# extremely overgrowin with staghorn algae, help!



## cody6766 (Mar 15, 2007)

I have a serious investation of this crap. It started down in my HM carpet and has taken off recently. I have 55w over 10gal with DIY co2 putting in a good deal of gas. I've been dosing with excel lately at 3oz and feed very little. I have a few fish in this tank that I'd rather not kill (gold tetras, otos and a tiger loach), so I'm afraid to step up my excel dosage any higher than it already is. 

I do bi-weekly water changes in this tank, but could step them up. Any other ways to kill this crap?


----------



## mistergreen (Dec 9, 2006)

lower your lights to 20w, increase co2, and dose nutrients.


----------



## jaidexl (Sep 18, 2006)

Bi-weekly is probably eating up nutrients as well, you could try less WCs.


----------



## Homer_Simpson (May 10, 2007)

cody6766 said:


> ... I have 55w over 10gal...


That seems to be rather excessive. Imho, you are just asking for algae if you are running 55 watts over 10 gallon. Personally, I would not go over 30 watts, 25 watts may be best. If you are running two tubes, I would set them on a noon-burst. One tube would be programmed to run for 4 hours, with the other tube coming on for another 4 hours so both tubes would only run 4 hours max. If you are limited to one tube or bulb only. Program it on split photo-period(no more than 7 hours), On for 4 hours off for 4hours and on for 3 hours, then off.
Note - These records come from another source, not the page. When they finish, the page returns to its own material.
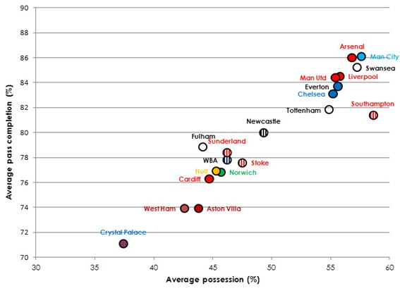점유율과 패스성공률의 상관관계는 다른 팀들의 기록을 보듯 분명히 연관이 있습니다. 일직선 상에 벗어난 사우스햄튼이 눈에띕니다.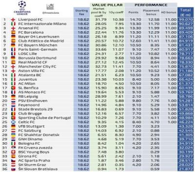 体育资讯01月30日报道宣称 专业足球数据媒体footballmeetdata计算了本赛季第一阶段的欧冠奖金,其中利物浦近1亿欧居首,国米第2,枪手第3巴萨第4。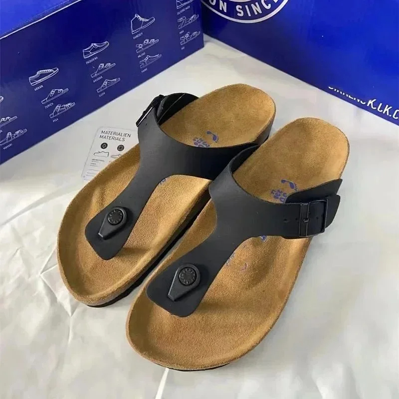 Home > BIRKENSTOCK Lazy men's and women's double buckle flat slippers genuine leather cork footbed comfortable outdoor sandals-2342

While I am no expert on algae, I have been running my own little experiments to see what gives rise to different types of algae and how best to prevent and resolve breakouts and blooms. While it is true that a combination of things may be involved, I am learning after experimenting on 3 different tanks(with and without C02, with and without fluorish excel, same fert schedules, same water changes, and with same plants and plant mass), that constant high light intensity combined with long duration seem to be the biggest culprit. I know this is not new and some people have probably discovered this in the past. My own observations seem to confirm this.


----------



## mistergreen (Dec 9, 2006)

when there's staghorn, there's some ammonia floating around too. It happens evertime.
ps. i think 20w is best because a 10g tank is so low & small but 25W sounds good too. just provide co2.


----------



## jaidexl (Sep 18, 2006)

mistergreen said:


> when there's staghorn, there's some ammonia floating around too. It happens evertime.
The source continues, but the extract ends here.